Facts that the agent itself learns over time — independent of any specific user. Patterns, preferences, strategies that improve the agent's behaviour globally.

Example: 'Users frequently misunderstand the difference between async and await', 'Summarisation requests usually need bullet format, not prose'.

Installation and Setup

pip install mem0ai
 
from mem0 import Memory
 
# Minimal setup — uses local vector store and OpenAI by default
m = Memory()
 
# Custom config — use Anthropic + Qdrant
config = {
    "llm": {
        "provider": "anthropic",
        "config": {
            "model": "claude-haiku-4-5-20251001",
            "api_key": "your-anthropic-key"
        }
    },
    "vector_store": {
        "provider": "qdrant",
        "config": {
            "host": "localhost",
            "port": 6333
        }
    }
}
 
m = Memory.from_config(config)
 
For production, always specify a persistent vector store (Qdrant, Pinecone, or pgvector). The default in-memory store loses all data on restart.
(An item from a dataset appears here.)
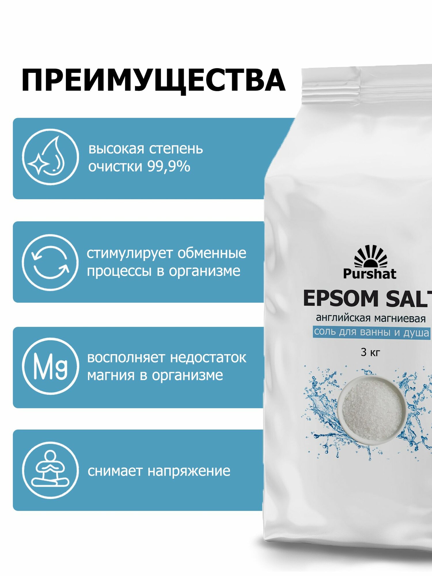 Английская магниевая соль для ванны Epsom Purshat 3 кг информация:

Adding and Retrieving Memories

from mem0 import Memory
m = Memory()
 
# Add a conversation — Mem0 extracts facts automatically
messages = [
    {"role": "user", "content": "I'm building a FastAPI app with PostgreSQL. I prefer async code and I hate ORM magic."},
    {"role": "assistant", "content": "Got it. I'll keep examples async and use raw SQL where possible."}
]
 
m.add(messages, user_id="user-42")
# Mem0 extracts and stores:
# - 'Uses FastAPI'
# - 'Uses PostgreSQL'
# - 'Prefers async code'
# - 'Dislikes ORM abstractions'
 
# Later, in a new session, retrieve relevant memories
relevant = m.search(query="database query patterns", user_id="user-42")
for mem in relevant:
    print(mem["memory"])  # 'Uses PostgreSQL', 'Dislikes ORM abstractions'
 

Using Memories in Agent Prompts

from mem0 import Memory
from anthropic import Anthropic
 
m = Memory()
client = Anthropic()
 
def chat_with_memory(user_message: str, user_id: str) -> str:
    # 1. Retrieve relevant memories
    memories = m.search(query=user_message, user_id=user_id, limit=5)
    memory_context = "\n".join([f"- {mem['memory']}" for mem in memories])
 
    # 2. Build system prompt with memory context
    system = (
        "You are a helpful coding assistant.\n\n"
        "What you know about this user:\n"
        f"{memory_context}"
    )
 
    # 3. Call the LLM
    response = client.messages.create(
        model="claude-sonnet-4-6",
        max_tokens=1024,
        system=system,
        messages=[{"role": "user", "content": user_message}]
    )
    answer = response.content[0].text
 
    # 4. Store this exchange as new memory
    m.add(
        [{"role": "user", "content": user_message},
         {"role": "assistant", "content": answer}],
        user_id=user_id
    )
 
    return answer
 

Memory Management

# Get all memories for a user
all_memories = m.get_all(user_id="user-42")
 
# Update a specific memory
m.update(memory_id="mem-abc123", data="Switched from PostgreSQL to Supabase")
 
# Delete a specific memory
m.delete(memory_id="mem-abc123")
 
# Delete all memories for a user (GDPR deletion)
m.delete_all(user_id="user-42")
 
Implement a GDPR deletion endpoint in your API that calls delete_all for the user's ID. Mem0 makes compliance straightforward — there is one call to delete everything associated with a user.

When You Don't Need Mem0

Mem0 adds complexity — a vector store, an LLM call for extraction, and retrieval latency. It is not always the right choice:

  • Short-lived sessions where history fits in the context window — just pass the full history.
  • Task-oriented agents with no user concept — if every run is independent and impersonal, there is nothing to remember.
  • When you have simple key/value facts to store — a regular database with a users table beats a vector search for structured preferences.
  • When extraction accuracy is critical — Mem0 uses an LLM to extract facts, which means occasional missed or misattributed memories. For high-stakes data, structured extraction with explicit schemas is more reliable.

Summary

Mem0 fills a genuine gap in agent stacks: persistent, selective, cross-session memory that does not require engineers to design extraction and retrieval pipelines from scratch. The add/search/delete API is simple. The real work is choosing a production vector store, designing what memory types you need, and deciding which facts are worth extracting versus passing as raw context.